WHAT NEEDS TO BE DONE
Write out the listing exactly, dropping any picture it contains.

DATA PROVIDED
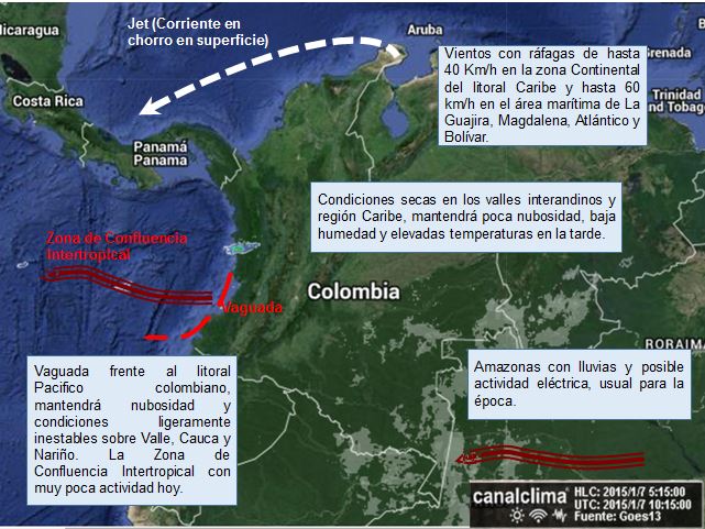 El resto del país con nubosidad escasa. Altas temperaturas en los valles interandinos, en especial Huila, Tolima, Valle, Antioquia, Eje Cafetero, Altiplano Cundiboyacense, Santanderes, y los departamentos de la región Caribe. Asimismo, continuará la influencia marcada de vientos entre moderados y fuertes en la zona costera de La Guajira, Magdalena, Atlántico y Bolívar (entre 20 y 40 km/h) y fuertes en el área marítima del mar Caribe colombiano (ráfagas de hasta 60 km/h).
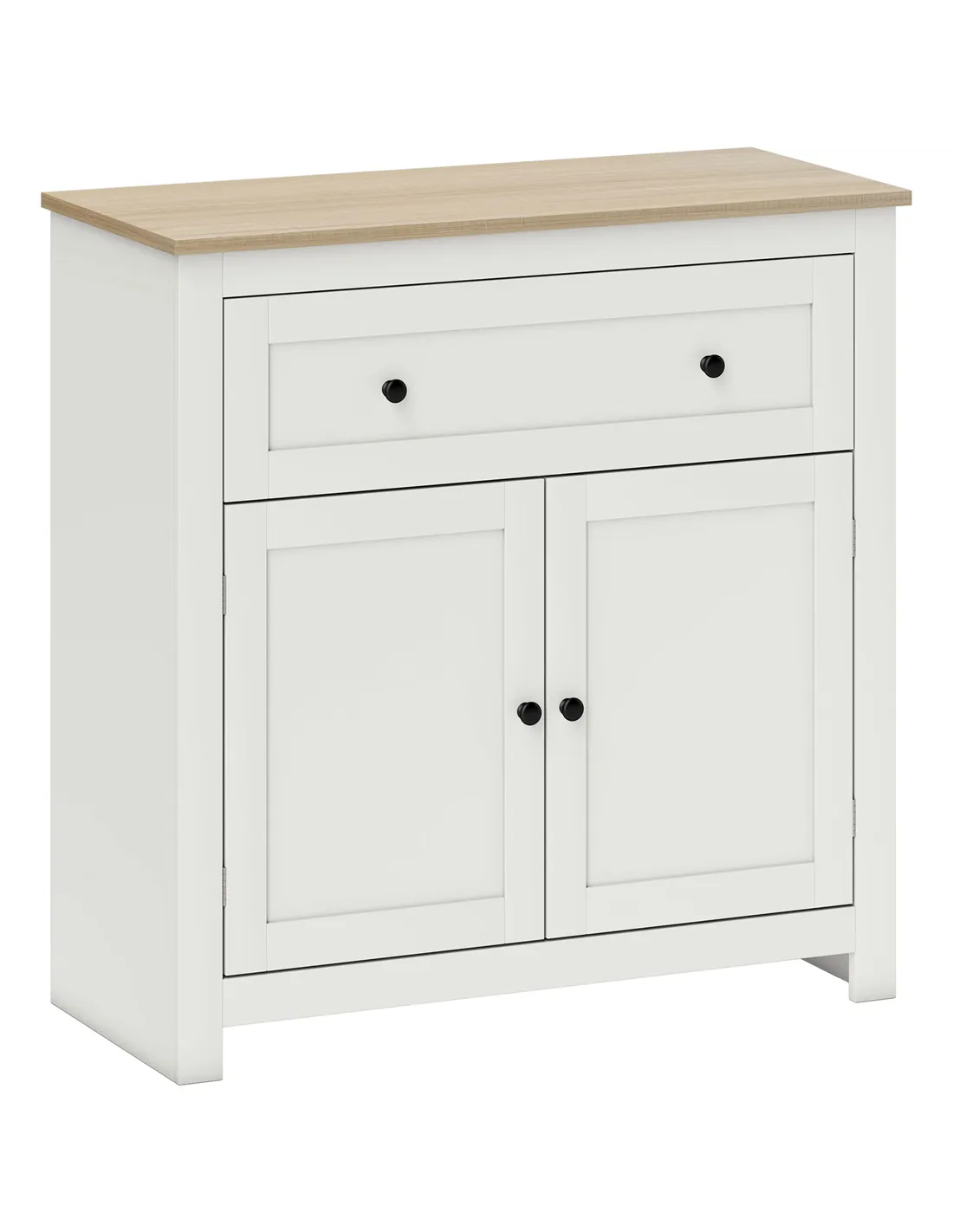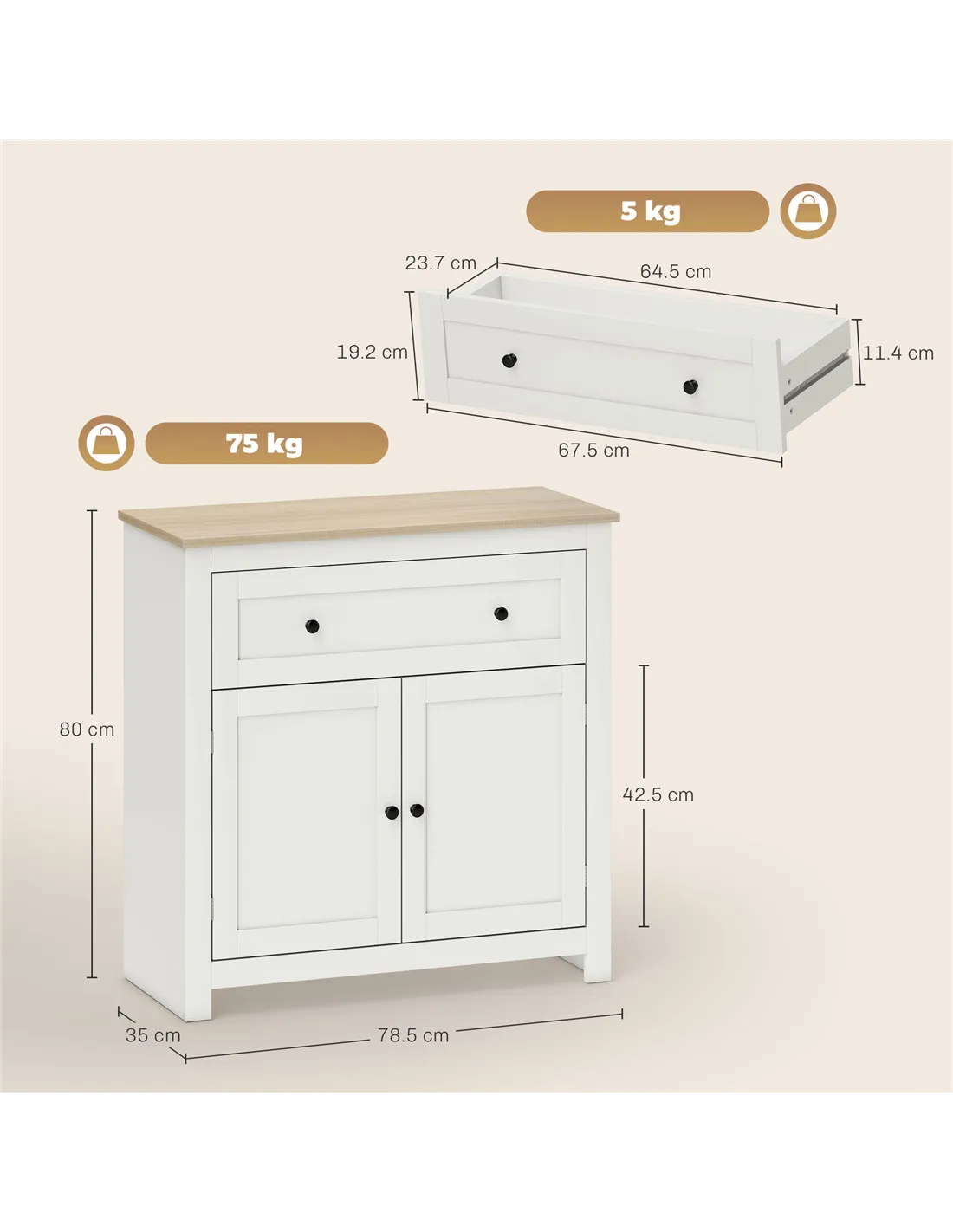 Achieve a clutter-free home with the HOMCOM Sideboard Storage Cabinet. This modern cream white unit provides essential storage for your kitchen, dining room, or living space. It features a spacious drawer and a double-door cabinet, complete with an adjustable internal shelf. Neatly store dishes, wine bottles, or household gadgets, maintaining a tidy environment. Its contemporary design with metal handles seamlessly integrates into any UK home decor. Crafted from durable, easy-to-clean melamine-faced particleboard, this cabinet offers long-lasting utility. An included anti-tip kit ensures enhanced stability and safety for your family. Measuring 78.5W x 35D x 80H cm, this versatile sideboard offers practical storage solutions without compromising on style, making daily routines simpler and family gatherings more enjoyable. Assembly is required for this functional and stylish furniture piece, designed to meet your household organisation needs effectively.Features:
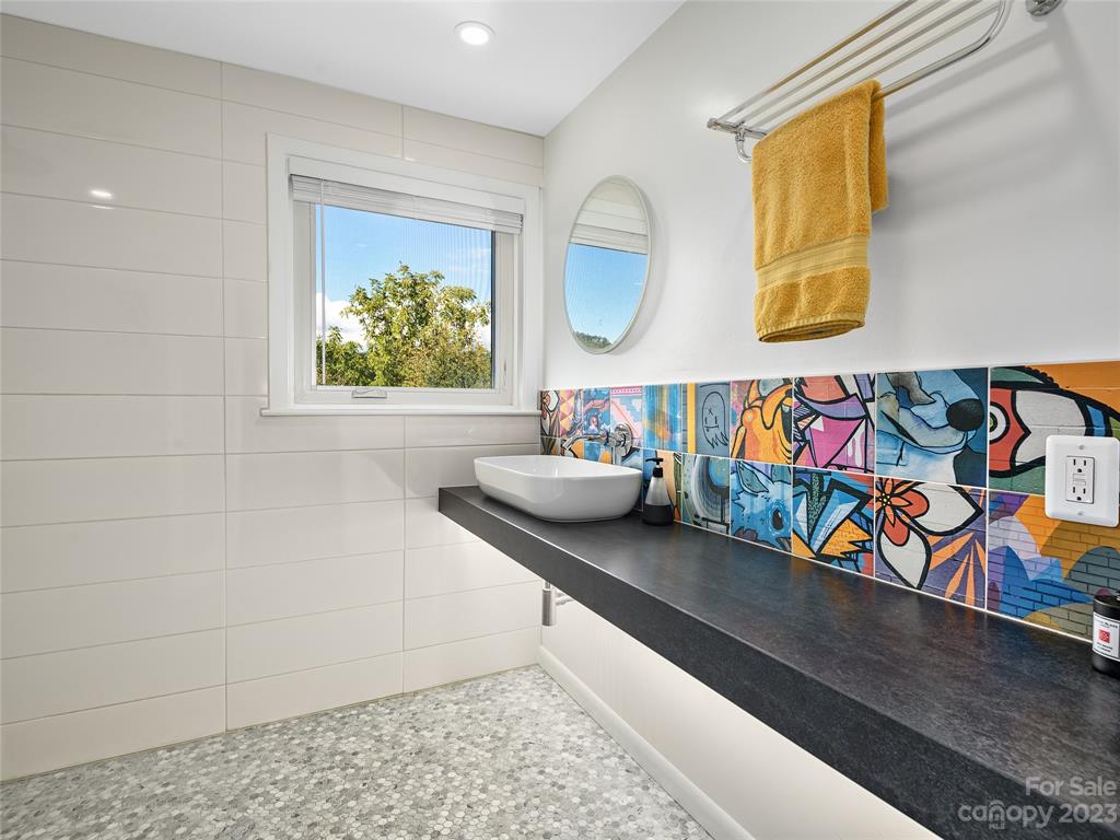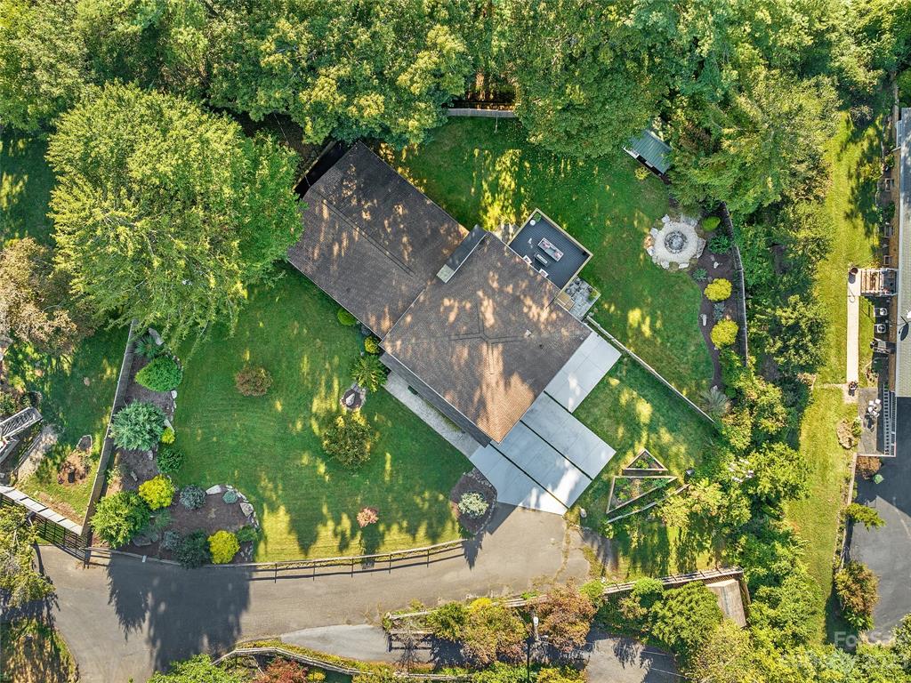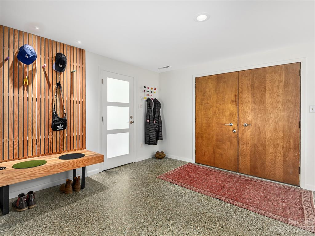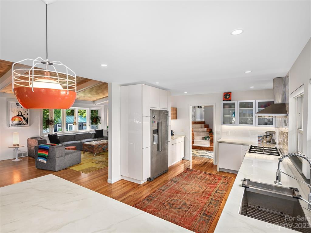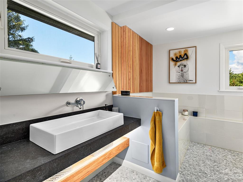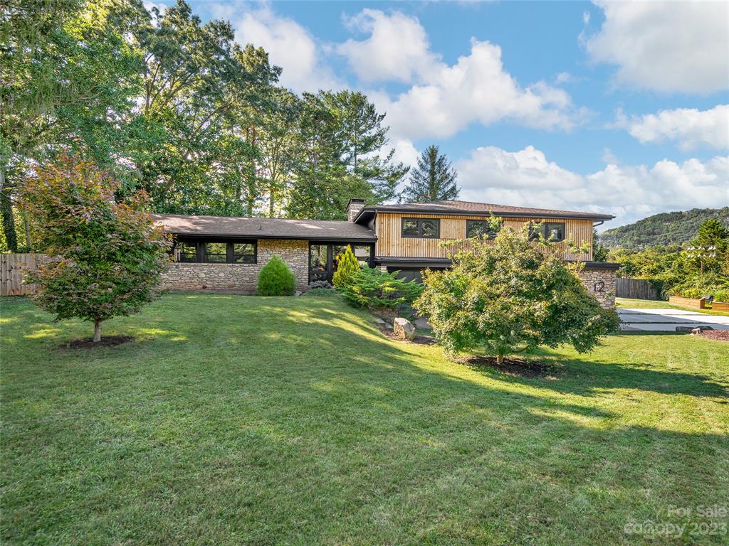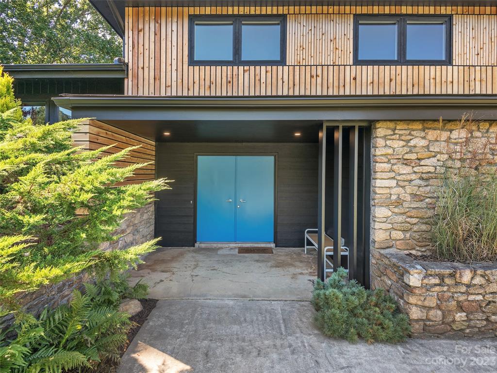 Here are the official details from Gretchen: “Stunning mid-century modern (featured in NC Modernist) in North Asheville’s prestigious Lake View Park neighborhood – moments from Beaver Lake! Located in a quiet cul-de-sac, this split-level home with I-beam construction, has an amazing flow for entertaining with indoor/outdoor living and panoramic mountain views. Incorporating all the modern and sophisticated touches desired for today’s living, this home features a chef’s kitchen with a Bertazzoni 36″ oven, dual-waterfall Dekton countertops, entry-level terrazzo floors, Nest heat/cooling and marble floor bathrooms with curbless showers. Beautifully landscaped front and rear gardens feature a fire pit, chicken coop, fruit trees, covered patio and permitted workshop (would make a great office/studio). Downstairs +/- 1,100 sqft of additional space (not included in HLA, giving 4260 sq ft total) with quite possibly the only mid-century fortified bomb shelter in Asheville (did someone say wine cellar)? This is your opportunity to own a very special home.”

TASK RESULT
 El resto del país con nubosidad escasa. Altas temperaturas en los valles interandinos, en especial Huila, Tolima, Valle, Antioquia, Eje Cafetero, Altiplano Cundiboyacense, Santanderes, y los departamentos de la región Caribe. Asimismo, continuará la influencia marcada de vientos entre moderados y fuertes en la zona costera de La Guajira, Magdalena, Atlántico y Bolívar (entre 20 y 40 km/h) y fuertes en el área marítima del mar Caribe colombiano (ráfagas de hasta 60 km/h).
 Achieve a clutter-free home with the HOMCOM Sideboard Storage Cabinet. This modern cream white unit provides essential storage for your kitchen, dining room, or living space. It features a spacious drawer and a double-door cabinet, complete with an adjustable internal shelf. Neatly store dishes, wine bottles, or household gadgets, maintaining a tidy environment. Its contemporary design with metal handles seamlessly integrates into any UK home decor. Crafted from durable, easy-to-clean melamine-faced particleboard, this cabinet offers long-lasting utility. An included anti-tip kit ensures enhanced stability and safety for your family. Measuring 78.5W x 35D x 80H cm, this versatile sideboard offers practical storage solutions without compromising on style, making daily routines simpler and family gatherings more enjoyable. Assembly is required for this functional and stylish furniture piece, designed to meet your household organisation needs effectively.Features:
 Here are the official details from Gretchen: “Stunning mid-century modern (featured in NC Modernist) in North Asheville’s prestigious Lake View Park neighborhood – moments from Beaver Lake! Located in a quiet cul-de-sac, this split-level home with I-beam construction, has an amazing flow for entertaining with indoor/outdoor living and panoramic mountain views. Incorporating all the modern and sophisticated touches desired for today’s living, this home features a chef’s kitchen with a Bertazzoni 36″ oven, dual-waterfall Dekton countertops, entry-level terrazzo floors, Nest heat/cooling and marble floor bathrooms with curbless showers. Beautifully landscaped front and rear gardens feature a fire pit, chicken coop, fruit trees, covered patio and permitted workshop (would make a great office/studio). Downstairs +/- 1,100 sqft of additional space (not included in HLA, giving 4260 sq ft total) with quite possibly the only mid-century fortified bomb shelter in Asheville (did someone say wine cellar)? This is your opportunity to own a very special home.”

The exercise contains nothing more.